When we find ourselves in a stressful situation, our body produces stress hormones. They, among many other reactions, cause muscle tension. Now imagine, if we are exposed to chronic stress, what happens to our muscles, and specifically to the muscles of the face. Being systematically in hypertonicity, they overexert themselves. This is what causes their nervous twitching, spasms, and convulsions.
Another type of neurosis is skin. It causes paresthesias in the facial skin of the following type:
- severe itching, burning in the facial and scalp without clear localization;
- sensation as if something were touching the face. And it's terribly annoying;
- the appearance of red spots on the face and neck. Possible rash.

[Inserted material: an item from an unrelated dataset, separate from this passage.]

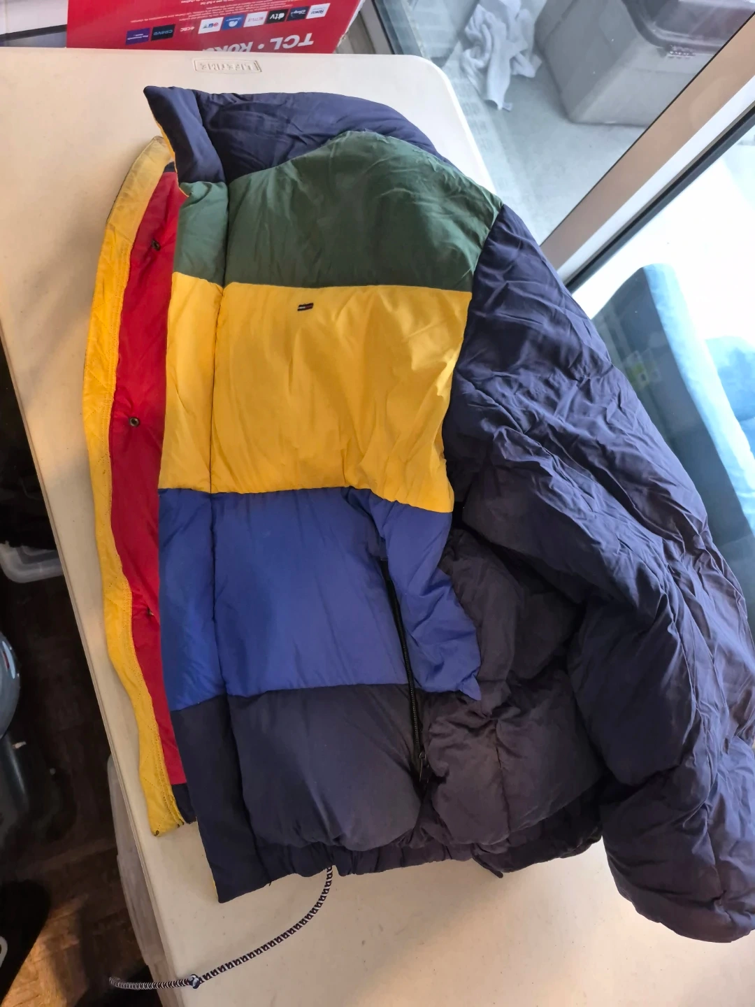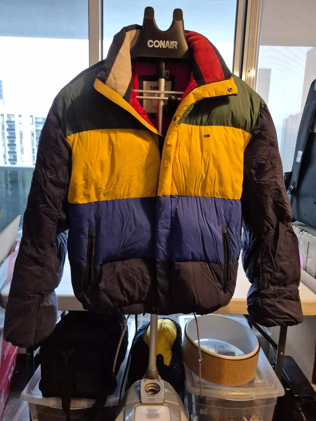 Selling a Vintage Tommy Jeans puffer jacket in a cool colour block design. It's a size medium and features a mix of red, yellow, green, and blue. Perfect for staying warm and stylish this winter

The causes of such phenomena are nervous and mental overstrain, chronic stress, sleep disturbances, as well as disruptions in hormonal regulation.
With neuroses associated with disruption of the autonomic nervous system, various manifestations may also occur. Malfunctions in the functioning of the vascular network occur, and a vascular neurotic disorder develops.
Vascular neurosis of the face is manifested by flaking and dryness, a feeling of tightness of the skin. She becomes pale, sometimes cyanotic, and her sensitivity worsens. In addition, sneezing appears, the nose is stuffy, the eyes become red and watery, the skin itches and itches. This indicates the development of vegetative-allergic reactions.